- Born: 19 July 1859 Rustenburg Local Municipality, South African Republic
- Died: 10 July 1939 (aged 79) Union of South Africa
- Occupation(s): Commissioner, mining commissioner

= Jan Eloff =

South African commissioner

Jan Eloff (19 July 1859 – 10 July 1939) was the first civilian commissioner and the second mining commissioner in Johannesburg, South Africa, and the man for whom Eloff Street was named after, the first street to be surveyed. In time, twelve streets in the Greater Johannesburg area were named after him.

== Early life ==
Born in Rustenburg District, South African Republic, Eloff was the seventh of the ten children of Sarel Johannes Eloff, commander of Rustenburg from 1864 to 1889, and his wife, Susanna Cornelia Jacobsz, and a younger brother of FC (Ryk Freek) Eloff, son-in-law of President Kruger through his marriage to Paul and Gezina Kruger's daughter Elsie. Eloff was first educated at home by a private teacher and later visited the school of the Hermannsburg Missionary Society on the Morgenzon farm near Rustenburg. At Graaff-Reinet he bought wagons and returned to the Transvaal, where he disposed of them at a reasonable profit. As a young man, he served under his father in the First War of Independence (1880–81).

== Career ==
He became clerk in the office of the State Attorney in Pretoria. He accompanied the third deputation (according to Professor PJ Nienaber the Second Freedom Deputation) to Europe (1883–84) as private secretary of President Kruger and got the opportunity to visit Britain and many other Western European states. The other members of this mission were Reverend Stephanus Jacobus du Toit (Totius's father) and General Nicolaas Smit.
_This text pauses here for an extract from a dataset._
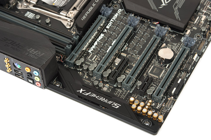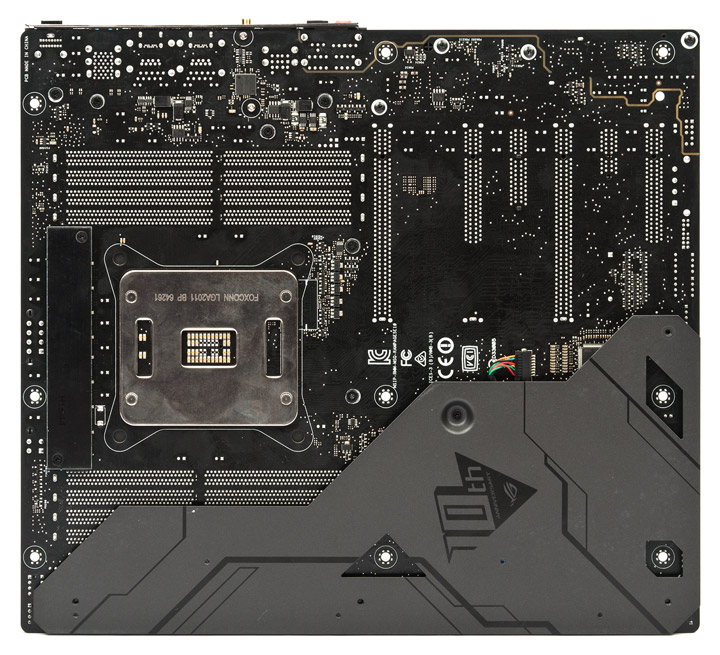 Кроме того, по сравнению с обычной Rampage V Extreme, у новинки теперь появился пластиковый кожух в районе звукового тракта и немного изменилась форма радиаторов. Также защитная пластина под чипсетом на обратной стороне платы прикрывает уже треть PCB по нижнему краю, где расположился световод «ауры». Немного изменилось расположение элементов, некоторые даже отсутствуют, но в целом, это все та же ATX-плата с чуть увеличенной шириной, из-за чего придется аккуратно подключать кабели, особенно питания.

In 1884 he was named the first civilian commissioner of the republic in Pretoria and in this capacity gained direct knowledge of the events of the gold discovery and of the deployment of the Witwatersrand gold field. In September 1886 he became public prosecutor and clerk of Captain Carl von Brandis in Johannesburg and succeeded Von Brandis on 4 November 1886 as mining commissioner of the gold field.

In 1886 Eloff was already chairman of the seven-member Delvers Committee, and when the Delvers Committee was replaced by a Health Council in 1887, he was one of seven members. The Health Council remained in charge of local affairs until the establishment of the first city council in 1897. On 2 November 1889 he laid the cornerstone of the second building housing the Johannesburg Stock Exchange. Eloff remained mining commissioner until the end of December 1892 and became intimately involved with the origin and growth of Johannesburg and the early development of the Witwatersrand gold field. With the survey of Johannesburg by surveyor Jos de Villiers, the first street was named after Eloff.

== Later years and family life ==
After leaving Johannesburg, Eloff started farming near Standerton. In 1897, he traveled to Switzerland and Germany with his family, but he returned to the republic little more than a year later at the outbreak of the Second Boer War in 1899, when he became a member of the Rustenburg Boer Commandos. After the end of the war, on 31 May 1902, he returned to his birthplace, Waterkloof farm Rustenburg, to farm on his land and had a castle built there. In 1912, he left with his family for Switzerland, where he was trapped during World War I. In 1919, he returned to Pretoria for good, where he spent the rest of his life.

Eloff married Catharina Cornelia de Ridder, daughter of Reverend Johannes de Ridder of the Rustenburg Reformed Church (GKSA), whose grandson Johan de Ridder went on to become the architect of GKSA churches. The couple had three sons and two daughters.